Repeat the listing exactly. Do not carry over any pictures.

Top of DATASET EXTRACT

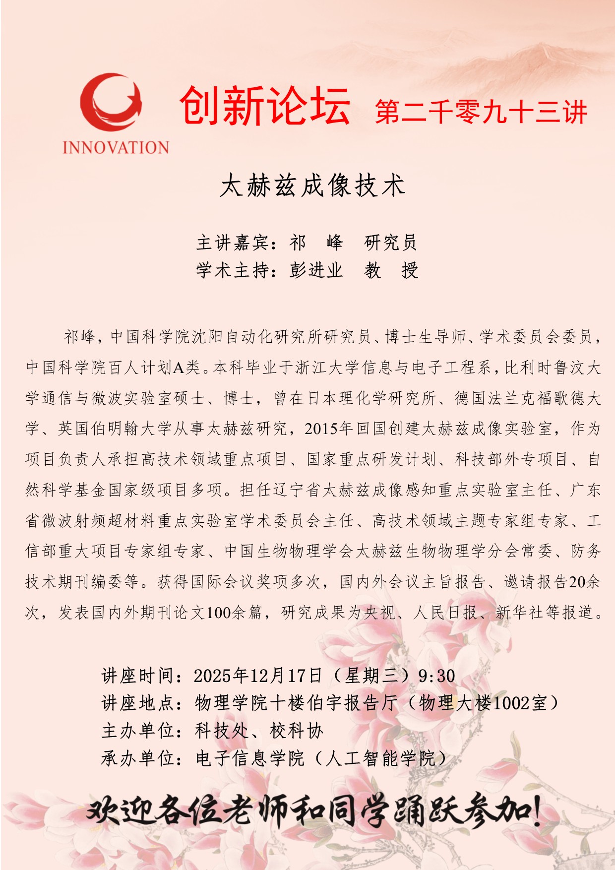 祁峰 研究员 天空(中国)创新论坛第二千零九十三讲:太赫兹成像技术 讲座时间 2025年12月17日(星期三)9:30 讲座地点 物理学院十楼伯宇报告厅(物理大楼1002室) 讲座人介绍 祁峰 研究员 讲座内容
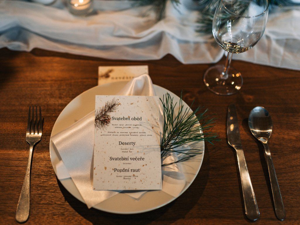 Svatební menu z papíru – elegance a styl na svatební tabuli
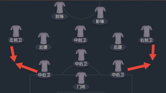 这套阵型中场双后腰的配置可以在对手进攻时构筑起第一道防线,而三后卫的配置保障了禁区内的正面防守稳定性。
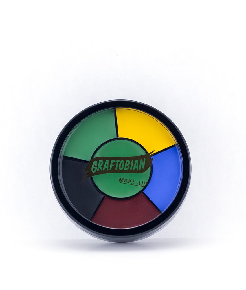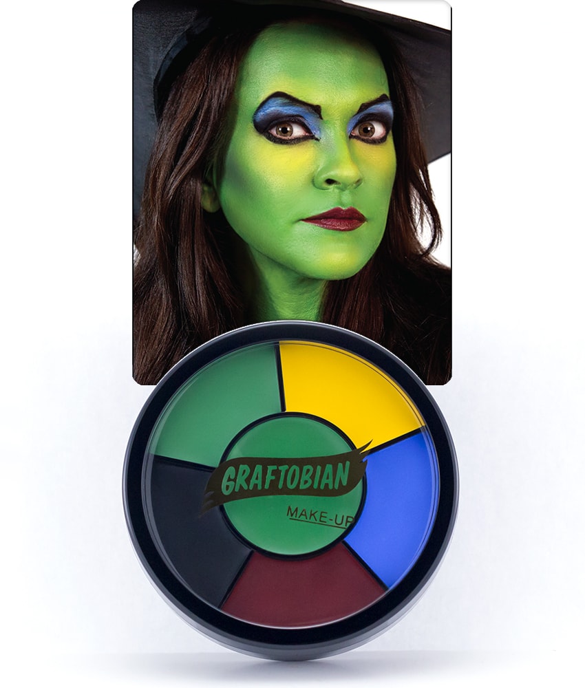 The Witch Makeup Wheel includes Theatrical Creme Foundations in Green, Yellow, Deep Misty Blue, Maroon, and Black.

Bottom of DATASET EXTRACT

• SOLUTION BELOW:
 祁峰 研究员 天空(中国)创新论坛第二千零九十三讲:太赫兹成像技术 讲座时间 2025年12月17日(星期三)9:30 讲座地点 物理学院十楼伯宇报告厅(物理大楼1002室) 讲座人介绍 祁峰 研究员 讲座内容
 Svatební menu z papíru – elegance a styl na svatební tabuli
 这套阵型中场双后腰的配置可以在对手进攻时构筑起第一道防线,而三后卫的配置保障了禁区内的正面防守稳定性。
 The Witch Makeup Wheel includes Theatrical Creme Foundations in Green, Yellow, Deep Misty Blue, Maroon, and Black.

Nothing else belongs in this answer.